*** Material for the task ***
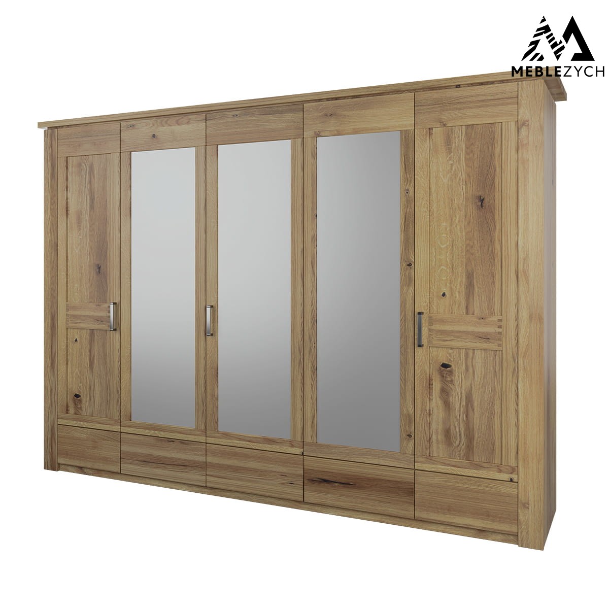 Pięciodrzwiowa szafa drewniana tworzy obszerną przestrzeń do przechowywania. W górnej części szafy z lustrem Lago zostały usytuowane solidne, dębowe półki, które doskonale sprawdzą się do przechowywania odzieży, dodatków lub pudełek z akcesoriami, po które sięgasz rzadko. W idealnej szafie nie mogło zabraknąć drążka, na którym zawiesisz koszule, sukienki lub płaszcze. Dzięki niemu ubrania nie pomną się i zawsze będą gotowe do wyjścia. Szafa 5D Lago została wyposażona w aż 3 lustra, umieszczone na trzech środkowych frontach. Ich obecność ożywia konstrukcję całego mebla, a dodatkowo optycznie powiększa i rozświetla pomieszczenie.
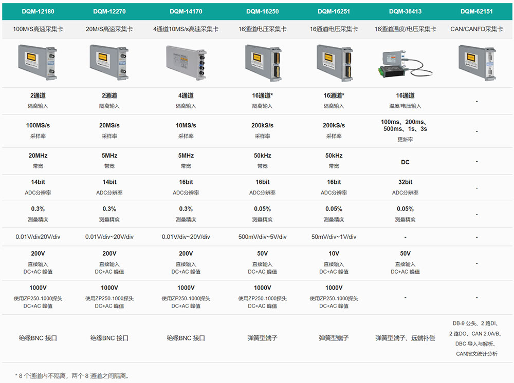 主机提供8个标准化扩展插槽(如图1),用户可以根据实际测试项目需求,从电压、温度、CAN总线等不同类型的采集板卡中自由组合(板卡类型如图2),实现按需配置。
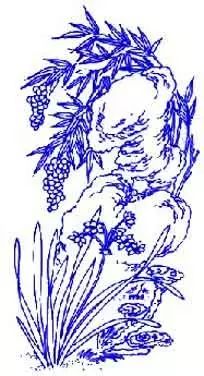 天竹、水仙、灵芝及寿石。天竹、即南天竹,秋季变紫红,果实攒簇殷红,累累若火珠,状颇美观,这里借「天」字。水仙,花发幽香,素称香供佳品,这里借一个「仙」字。寿石,即太湖石,产于太湖区域的多孔而玲珑剔透的石头,供点缀庭院或选作假山之用。用天竹、水仙、灵芝和寿石组成图案喻「天仙祝寿」。
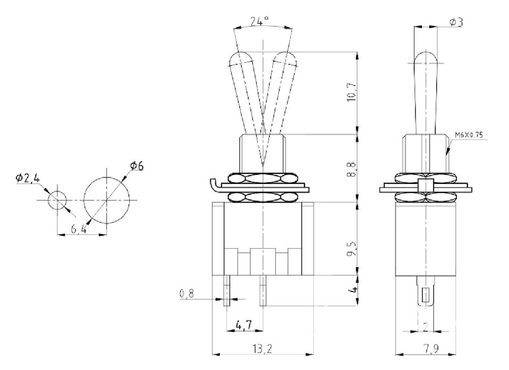 Der Artikel Miniatur-Kippschalter McPower, 250V/3A, 6-polig, 2 Stellungen: EIN / EIN ist derzeit auf Lager
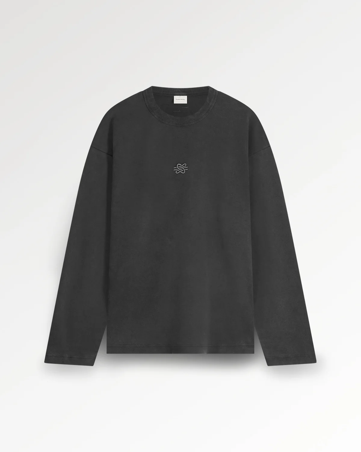 Dit is de essentiële longsleeve, verfijnd met een moderne snit en subtiele signature branding. Deze boxy uitvoering is vervaardigd uit hoogwaardig 250 gsm biologisch katoen single jersey, wat zorgt voor een comfortabele, premium feel. Het kledingstuk is gesneden in een eigentijdse boxy fit, wat zorgt voor een relaxte uitstraling. Een subtiele 3D-borduursel van de Gowtu Knot op de borst en een vintage black wash maken deze verfijnde essential compleet.
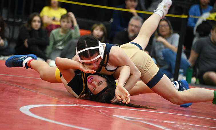 Platt’s Daylianette Sanchez Cardona had Jonathan Law’s Selena Batres on her back in the final at 100 pounds in the CIAC Girls Invitational Saturday. Batres rallied for a 5-4 victory.
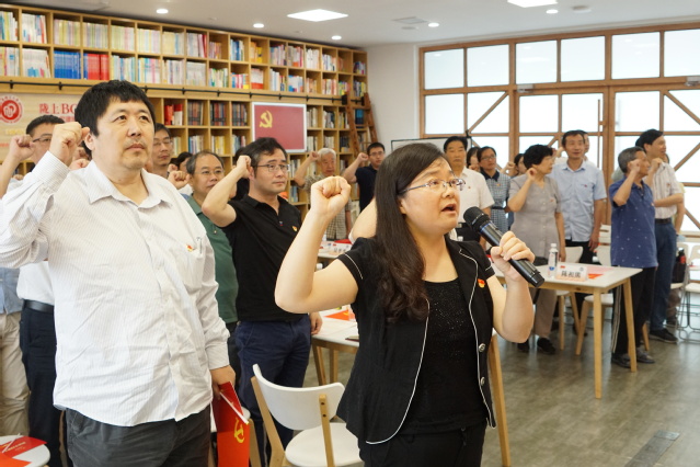 交流分享后,全体教师在袁媛的领誓下重温了入党誓词,铭记自己永远的政治身份。
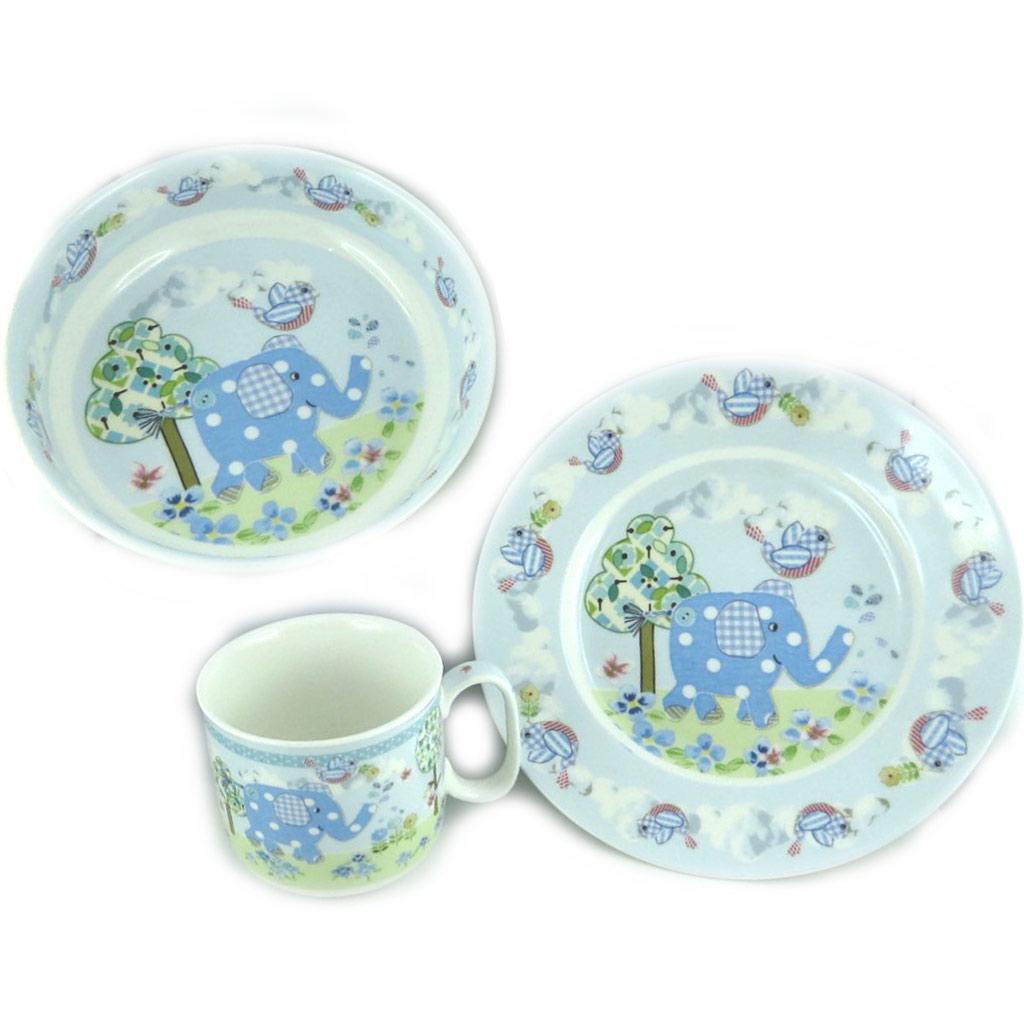 Les Trésors De Lily [L1962] - Set repas enfant céramique 'Eléphant' bleu (3 pièces)
*** End of Material for the task ***
## Prompt
Only the lines from the one containing "交流分享后,全体教师在袁媛的领誓下重温了入党誓词,铭记自己永远的政治身份。" through the last line of the material should be returned, exactly and without pictures.

## Task solution
 交流分享后,全体教师在袁媛的领誓下重温了入党誓词,铭记自己永远的政治身份。
 Les Trésors De Lily [L1962] - Set repas enfant céramique 'Eléphant' bleu (3 pièces)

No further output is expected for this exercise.